Thailand’s top political parties are wooing more than 14 million farmers, the single-largest group of voters, with promises such as suspending crop loans and measures to triple their income in four years.
Pheu Thai, a party that has deep roots among Thailand’s rural and farm community and is leading in pre-poll surveys, plans to halt payment of interest and principal on farm loans for three years if it wins the May 14 general election. The debt freeze will allow 7.4 million farmer households to save money for fresh investment, the party said.
It also promised to transfer ownership of an estimated 50 million rai (8 million hectares) to debt-ridden farmers, which will give them new access to credit by using the land as collateral. Move Forward, another opposition party that’s also gaining in surveys, has vowed to confer land titles for about 40 million rai.
Prime Minister Prayuth Chan-Ocha’s United Thai Nation said it will set up a fund to support agriculture product prices, while Deputy Prime Minister Anutin Charnvirakul’s Bhumjaithai party, which has gained in popularity with its successful push to liberalize cannabis and is promoting it as a cash crop, is pledging to guarantee crop prices.
Thailand’s farming heartland in the north and northeast have become key battlegrounds as they can influence the outcome of the election to about 175 seats to the 500-member House of Representatives. How political parties deal with the issue also has ramifications for the global food security and inflation, with the country being a major supplier of rice, sugar and rubber to the global market.

While the Thai government spends about 150 billion baht ($4.4 billion) annually to support crop prices, insurance and other benefits for farmers, slumping prices of rice, rubber, sugar and palm oil over the years amid rising fertilizer and pesticide costs have pushed them deeper into debt.

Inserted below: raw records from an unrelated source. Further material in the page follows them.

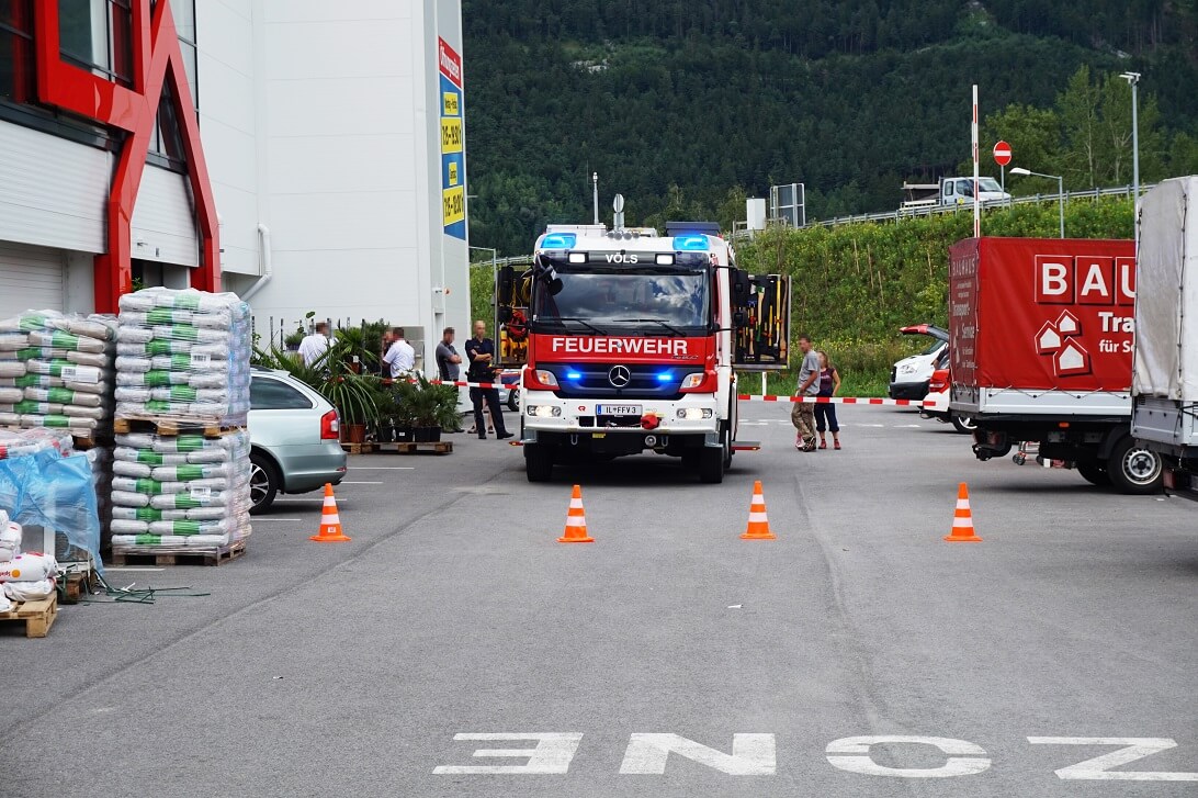 Samstag Nachmittag wurde die Feuerwehr Völs zu einem Gasaustritt alarmiert. Das gesamte Areal wurde großräumig abgesperrt. Eine 11kg Propangasflasche war aus noch unbekannter Ursache undicht geworden. Unter Atemschutz und mit einem speziellen Gasmessgerät wurde das Gaslager nach der undichten Flasche abgesucht. Zeitgleich wurde ein Brandschutz aufgebaut sowie mit der Belüftung begonnen. Die beschädigte Falsche wurde ins Freie gebracht und dort kontrolliert entleert.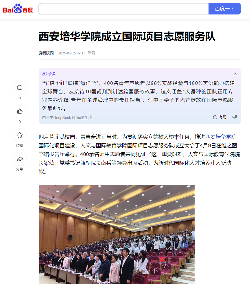 四月芳菲满校园,青春奋进正当时。为贯彻落实立德树人根本任务,推进多多28国际化项目建设,人文与国际教育学院国际项目志愿服务队成立大会于4月9日在维之图书馆报告厅举行。400余名师生志愿者共同见证了这一重要时刻,人文与国际教育学院院长梁蕊、党委书记兼副院长南兵等领导出席活动,为新时代国际化人才培养注入新动能。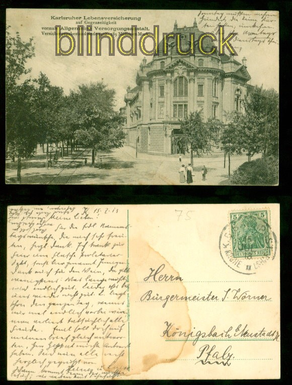 Baden-Württemberg Karlsruhe sw-AK Lebensversicherung auf Gegenseitigkeit 1913 Bahnpost vormals Allgemeine Versicherungsanstalt Versicherungsbestand Ende 1912: 785 Millionen Mark Karte gelaufen mit Bahnpost Karlsruhe - Ludwigshafen 15.7.1913 nach Königsbach Erhaltung siehe Scan

Efforts by political parties in the past to improve the lot of farmers have at best yielded mixed results. A policy to purchase rice at above-market price from 2011 by then Pheu Thai-led government under Yingluck Shinawatra saddled the nation with millions of tons in stockpiles and cost more than $15 billion.
Distorting Markets
It also distorted the global market, with Thailand unable to export much of the high-priced grain and having to use them as cattle-feed. Yingluck’s government was toppled in a 2014 coup and she fled the country three years later rather than face jail in a criminal case related to the rice program. Her brother, Thaksin Shinawatra, an enduring yet polarizing figure in Thai politics whose term was marked by allegations of corruption, backs Pheu Thai.
Agriculture, which employs about a third of the nation’s total workforce of about 40 million, has seen its share in the nation’s economy steadily shrink over the past decades with low crop prices, soaring input costs and mounting debt. The sector accounts for about 8% of gross domestic product now, down from about 36% in the 1960’s.

More than 90% of Thai farmer households are indebted at an average of 450,000 baht, and the vicious cycle of debt and reliance on credit to overcome the burden pushes them into a trap, according to a study by the Puey Ungphakorn Institute of Economic Research.
If all the farm support measures announced by major parties are to be implemented, it may cost as much as 300 billion baht, according to Nipon Poapongsakorn, distinguished fellow at the Thailand Development Research Institute.
The way out of the debt trap, according to the Puey Ungphakorn study, is not moratoriums but creating a rural financial market that works, ensuring households can repay while lifting farm income through value addition.
“Debt moratorium policy has been implemented every year. This hasn’t addressed farmers’ debt problem, but rather compounds it,” Nipon said.